The Integrated Pest Management (IPM) is a broad ecological approach which aims at keeping the pest population below economical threshold level by employing all available methods of pest control, such as use of resistant/tolerant varieties of crops, cultural, mechanical, biological and chemical methods in a compatible manner. The use of chemicals are effective in the management of nematodes but their hazardous effects on the environment, ground water contamination and ill effects on human health create a necessity to search newer and harmless methods of nematode control. Contamination of vegetables and fruits with chemical pesticide residues has been reported by many researchers.

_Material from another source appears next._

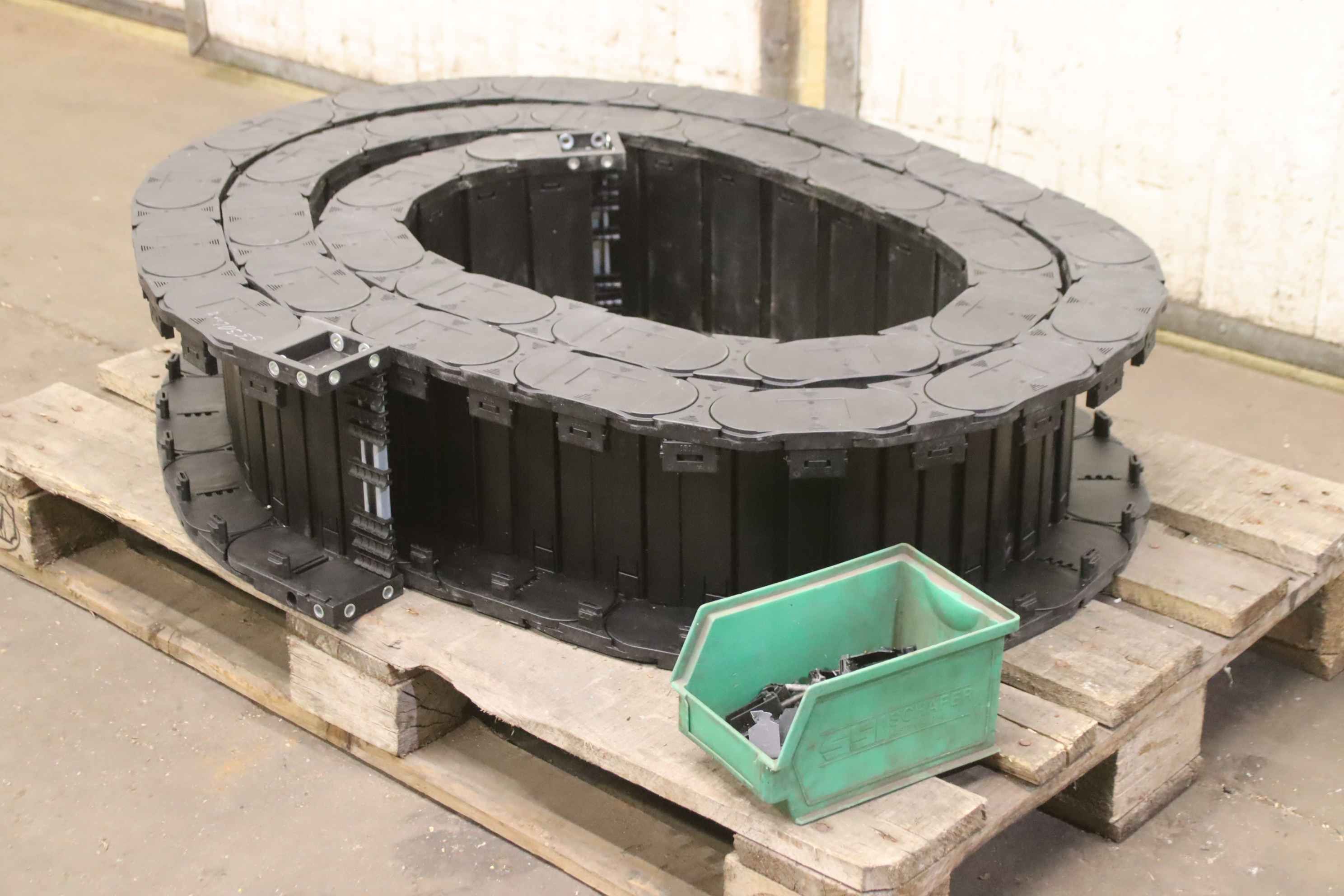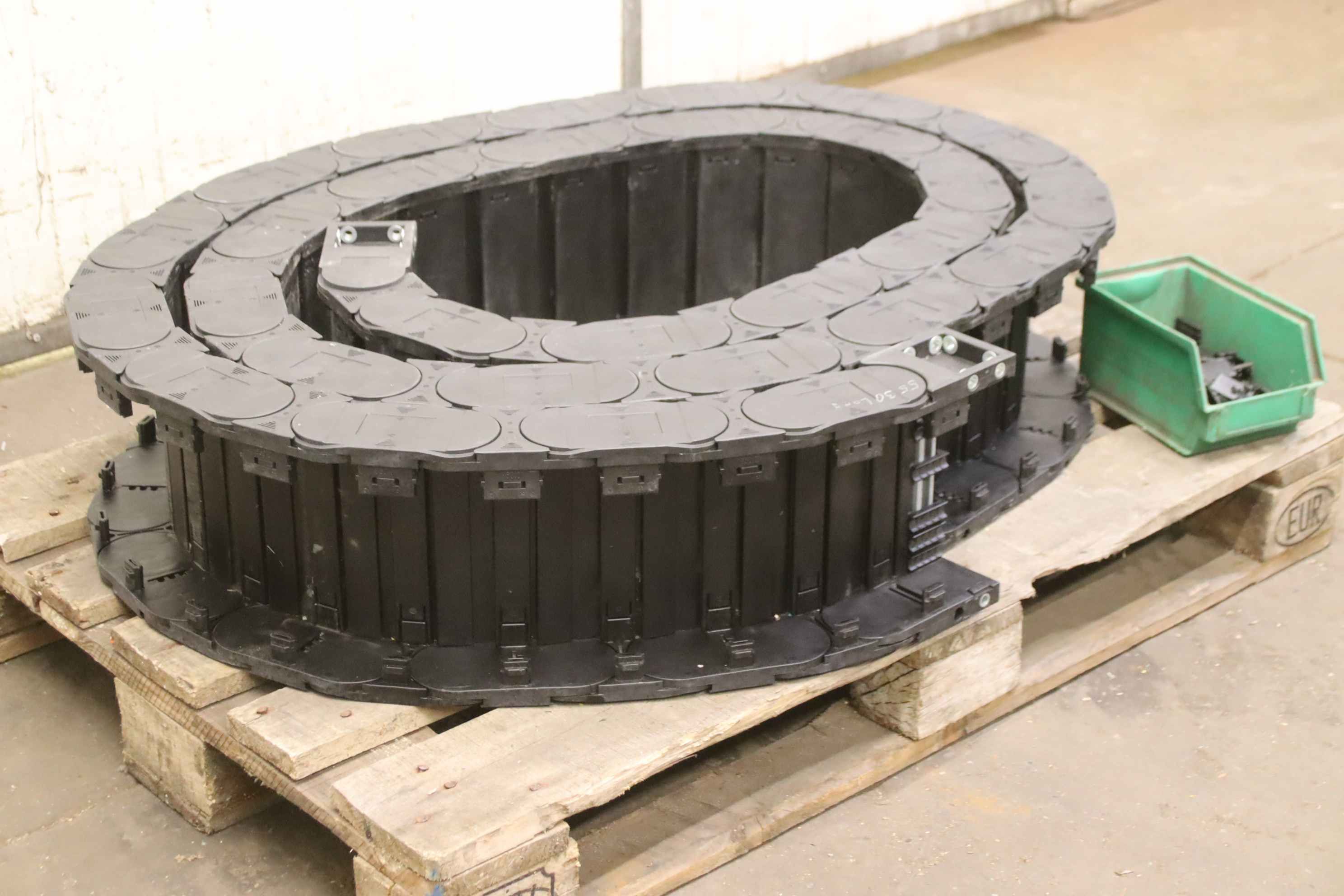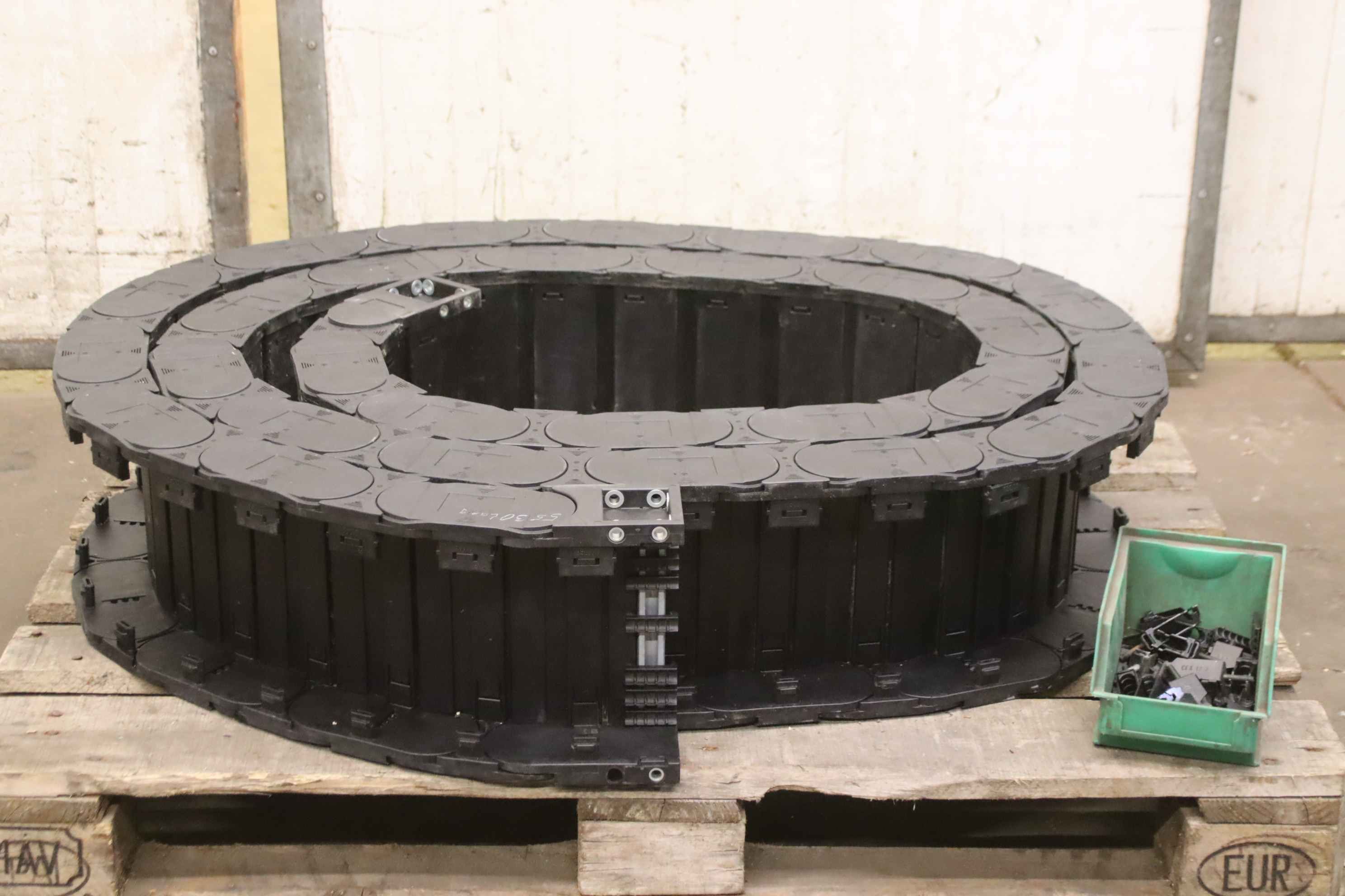 energy chain, cable drag chain, energy guiding chain, cable chain, drag chain-Manufacturer: IGUS, energy chain cable drag chain-Length: 5530 mm-Width: 240 mm-Accessories: incl. U-clamps type CFX 12.1 / CFX 12.2 see photos-Transport dimensions: 1060/840/H245 mm-Weight: 26 kg

Their constant use leads to build up of toxic residues on crop produce, which may exert adverse effect on human health in addition to disturbing ecosystem. This problem is more serious in the case of vegetables as these are oftenly consumed either raw or without much processing or storage. Thus, it can be suggested after thorough study of above mentioned experiments that oil cake and biocontrol agent alone and in combination, enhanced resistance, growth parameters, yield and activate various defense enzyme. This could be utilized by farmers in easy way and without causing any harm to soil flora and fauna. Therefore, these observations on the nematicidal activity of oil cakes extracts of test plants on M. incognita clearly indicated the other mechanism for control of root-knot nematode.